# AIM OF THE EXERCISE
Once you have located the line containing "Люди всегда склонны" in the material below, return it exactly along with each line after it through the line containing "Сегодня в гостях".

# TASK INPUT
——

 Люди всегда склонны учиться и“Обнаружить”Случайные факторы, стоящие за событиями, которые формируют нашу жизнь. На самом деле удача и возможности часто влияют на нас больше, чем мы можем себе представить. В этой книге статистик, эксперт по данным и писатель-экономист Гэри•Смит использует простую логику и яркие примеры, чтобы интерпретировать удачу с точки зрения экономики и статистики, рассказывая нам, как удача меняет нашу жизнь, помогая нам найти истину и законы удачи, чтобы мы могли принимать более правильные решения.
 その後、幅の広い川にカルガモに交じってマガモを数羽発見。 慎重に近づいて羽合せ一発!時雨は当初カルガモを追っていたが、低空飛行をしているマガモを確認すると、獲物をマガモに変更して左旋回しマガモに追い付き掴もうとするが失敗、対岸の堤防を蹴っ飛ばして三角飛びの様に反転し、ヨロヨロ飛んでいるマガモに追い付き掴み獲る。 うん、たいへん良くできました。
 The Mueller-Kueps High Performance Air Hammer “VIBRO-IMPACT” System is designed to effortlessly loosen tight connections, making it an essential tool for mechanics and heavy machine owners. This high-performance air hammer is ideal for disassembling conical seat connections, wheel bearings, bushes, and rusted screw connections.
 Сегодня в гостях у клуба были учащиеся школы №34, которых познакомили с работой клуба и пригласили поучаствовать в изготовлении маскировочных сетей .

——

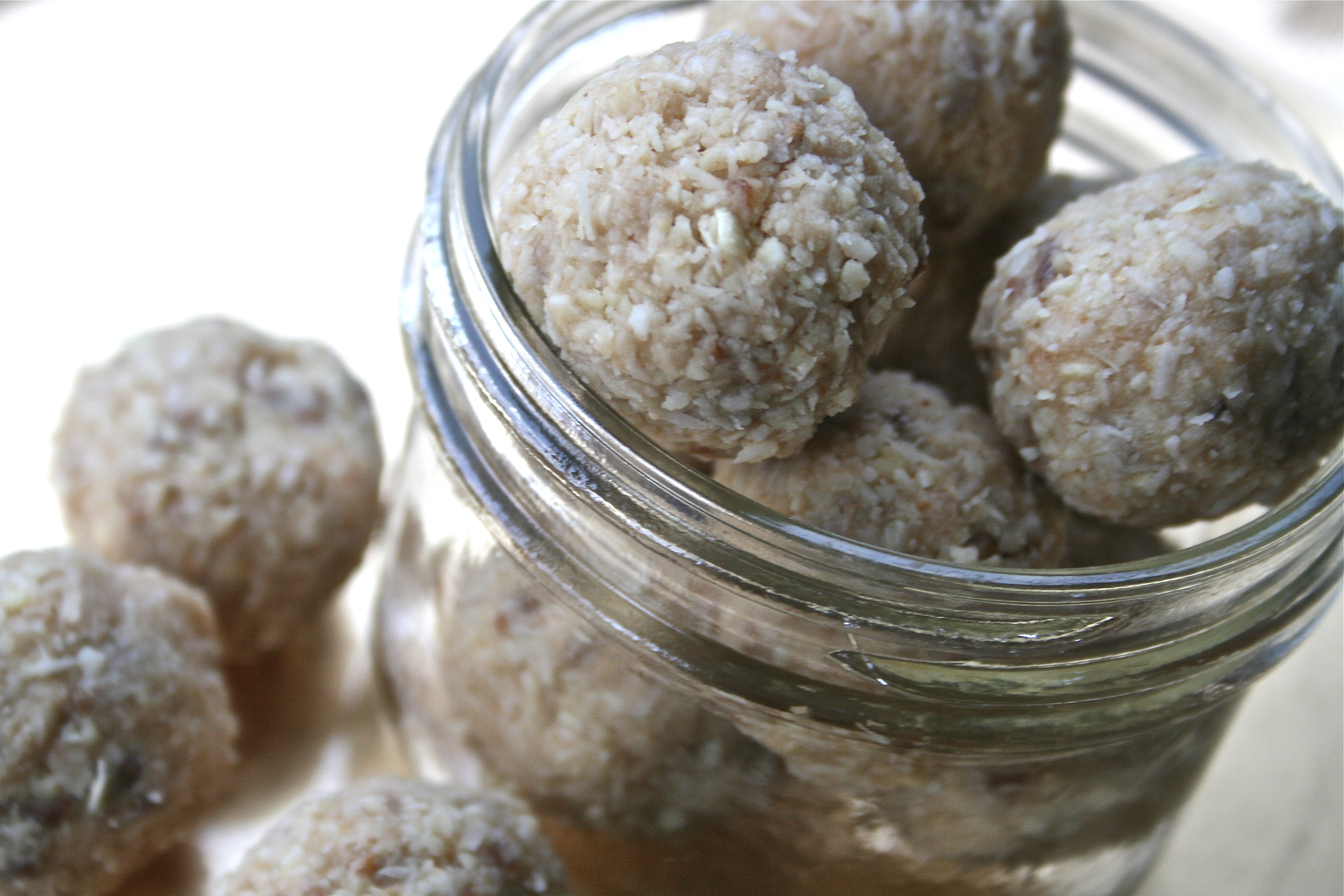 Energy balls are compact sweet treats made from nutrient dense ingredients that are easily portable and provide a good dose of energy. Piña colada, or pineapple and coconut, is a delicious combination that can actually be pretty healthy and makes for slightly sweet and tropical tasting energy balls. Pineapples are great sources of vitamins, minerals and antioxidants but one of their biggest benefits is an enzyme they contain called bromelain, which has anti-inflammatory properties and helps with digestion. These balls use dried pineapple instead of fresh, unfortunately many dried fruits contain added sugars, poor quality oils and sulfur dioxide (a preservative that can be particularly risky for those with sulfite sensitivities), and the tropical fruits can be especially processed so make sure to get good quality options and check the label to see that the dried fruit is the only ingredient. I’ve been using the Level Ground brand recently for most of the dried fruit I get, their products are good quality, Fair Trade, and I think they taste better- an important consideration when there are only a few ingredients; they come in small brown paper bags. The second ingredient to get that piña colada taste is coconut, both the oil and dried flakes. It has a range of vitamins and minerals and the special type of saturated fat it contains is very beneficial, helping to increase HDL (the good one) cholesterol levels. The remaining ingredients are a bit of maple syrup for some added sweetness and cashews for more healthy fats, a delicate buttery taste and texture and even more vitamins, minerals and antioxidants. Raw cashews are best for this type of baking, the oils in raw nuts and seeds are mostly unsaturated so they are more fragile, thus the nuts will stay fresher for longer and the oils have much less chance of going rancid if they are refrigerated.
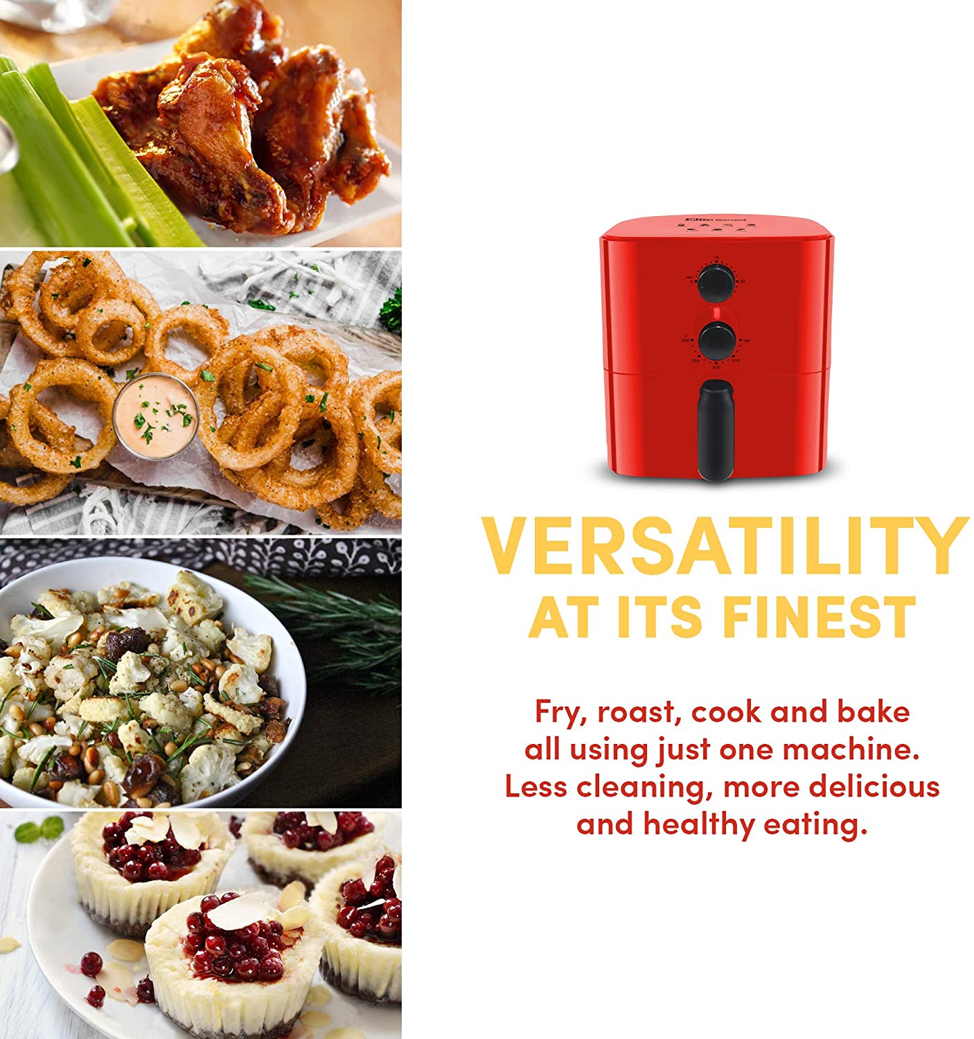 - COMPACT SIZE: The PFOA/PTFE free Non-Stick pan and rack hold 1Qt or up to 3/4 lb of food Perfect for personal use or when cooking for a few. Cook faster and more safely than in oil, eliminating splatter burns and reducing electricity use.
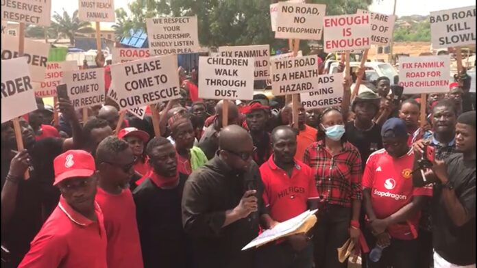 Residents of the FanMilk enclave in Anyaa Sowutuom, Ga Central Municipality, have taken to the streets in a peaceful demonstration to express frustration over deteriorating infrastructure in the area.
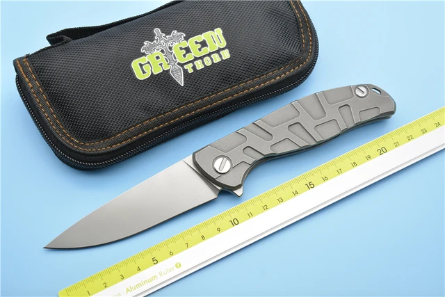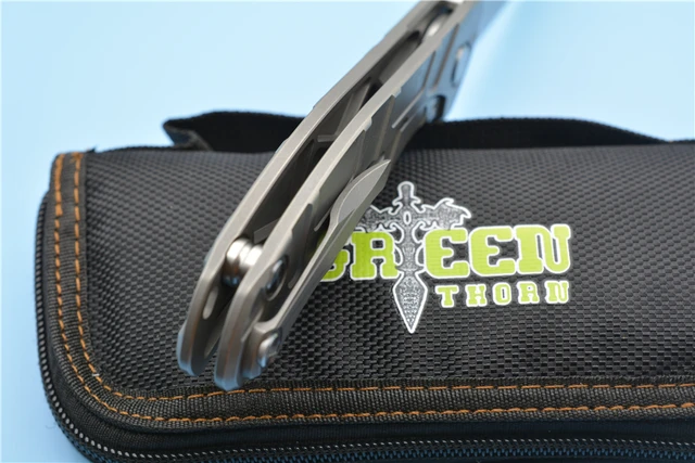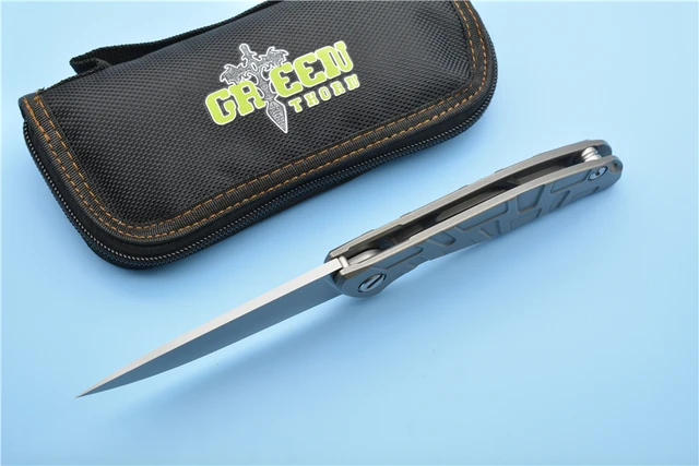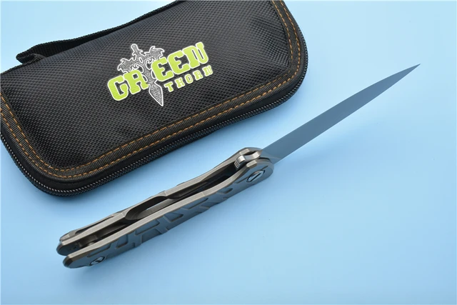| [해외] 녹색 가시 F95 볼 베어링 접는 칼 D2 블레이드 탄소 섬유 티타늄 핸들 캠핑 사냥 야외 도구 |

——

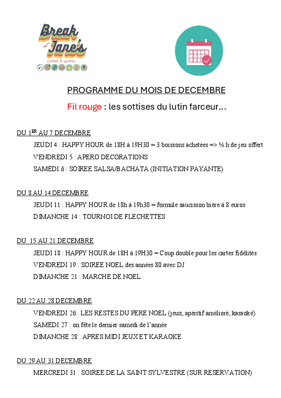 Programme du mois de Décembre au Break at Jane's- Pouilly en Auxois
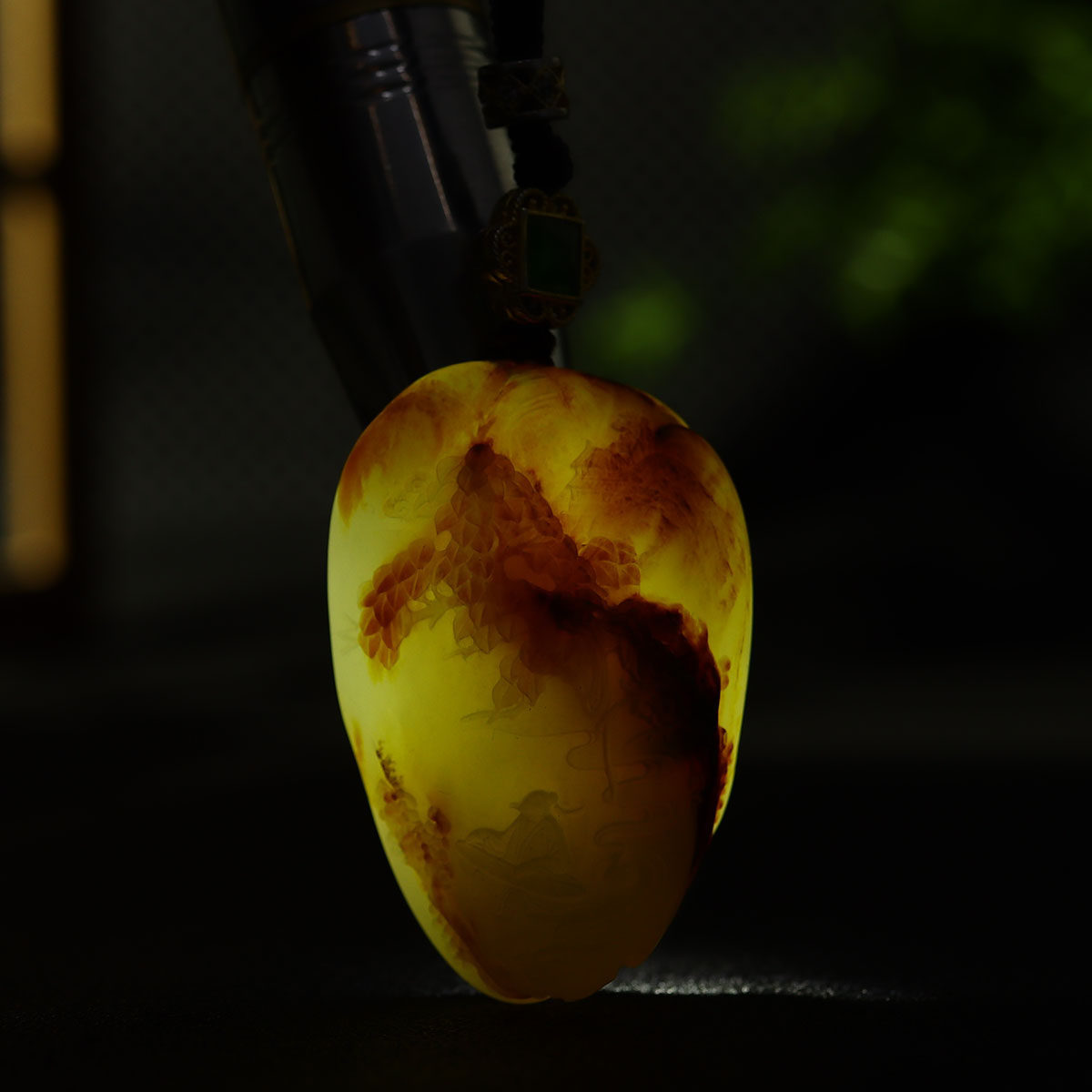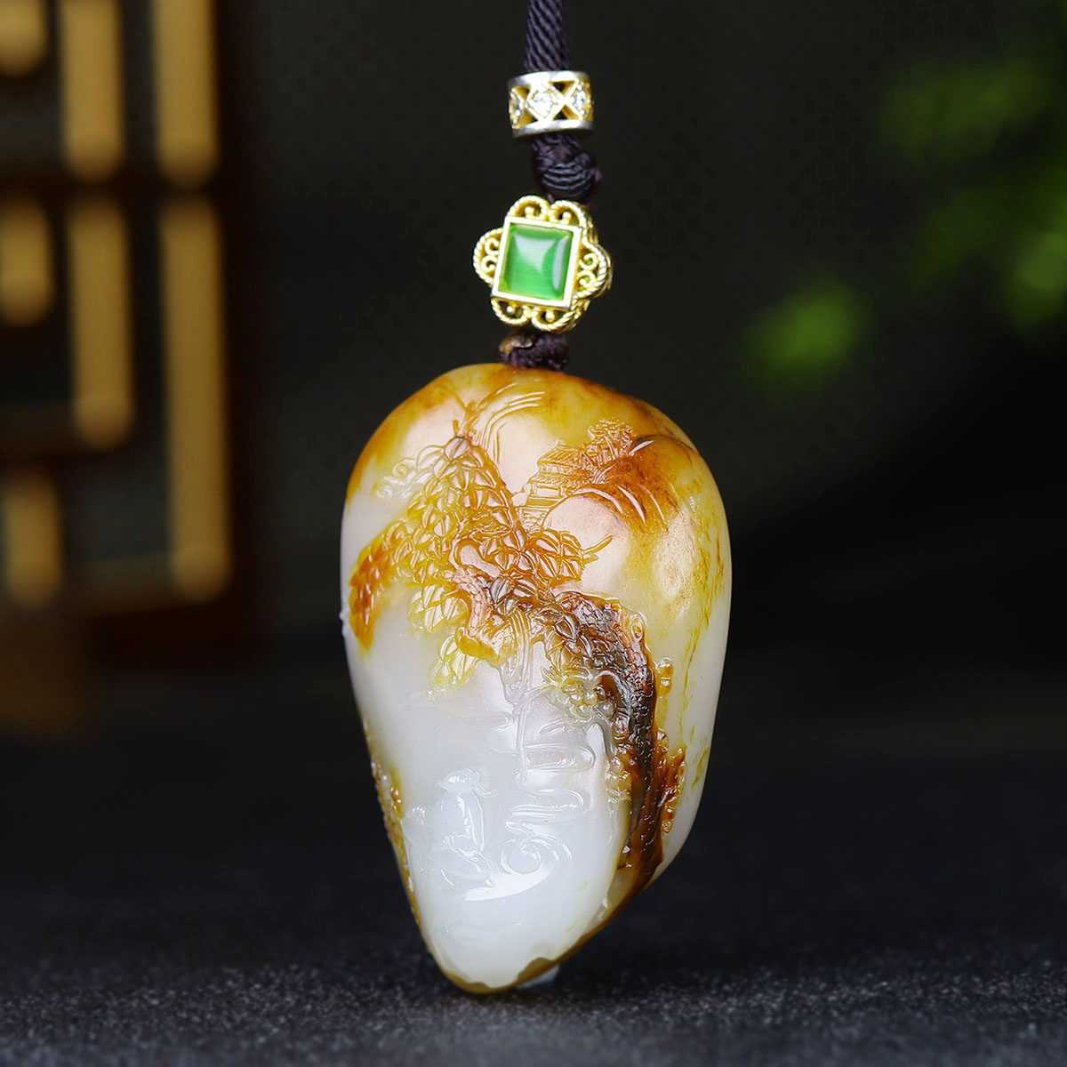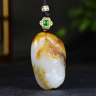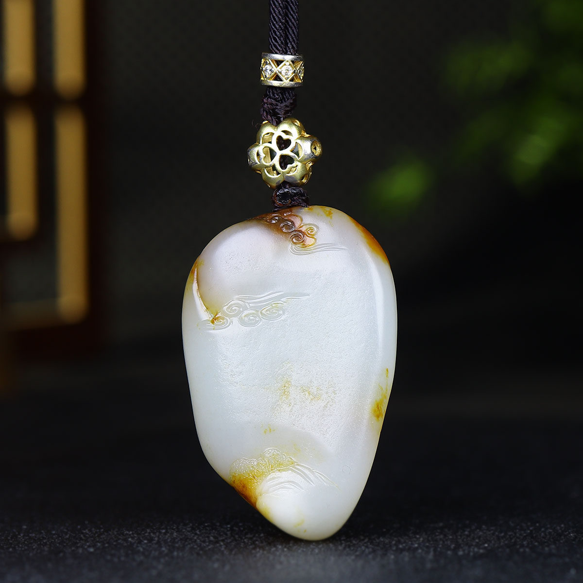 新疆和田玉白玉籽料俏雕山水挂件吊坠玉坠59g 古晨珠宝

——

# ANSWER SECTION
 Люди всегда склонны учиться и“Обнаружить”Случайные факторы, стоящие за событиями, которые формируют нашу жизнь. На самом деле удача и возможности часто влияют на нас больше, чем мы можем себе представить. В этой книге статистик, эксперт по данным и писатель-экономист Гэри•Смит использует простую логику и яркие примеры, чтобы интерпретировать удачу с точки зрения экономики и статистики, рассказывая нам, как удача меняет нашу жизнь, помогая нам найти истину и законы удачи, чтобы мы могли принимать более правильные решения.
 その後、幅の広い川にカルガモに交じってマガモを数羽発見。 慎重に近づいて羽合せ一発!時雨は当初カルガモを追っていたが、低空飛行をしているマガモを確認すると、獲物をマガモに変更して左旋回しマガモに追い付き掴もうとするが失敗、対岸の堤防を蹴っ飛ばして三角飛びの様に反転し、ヨロヨロ飛んでいるマガモに追い付き掴み獲る。 うん、たいへん良くできました。
 The Mueller-Kueps High Performance Air Hammer “VIBRO-IMPACT” System is designed to effortlessly loosen tight connections, making it an essential tool for mechanics and heavy machine owners. This high-performance air hammer is ideal for disassembling conical seat connections, wheel bearings, bushes, and rusted screw connections.
 Сегодня в гостях у клуба были учащиеся школы №34, которых познакомили с работой клуба и пригласили поучаствовать в изготовлении маскировочных сетей .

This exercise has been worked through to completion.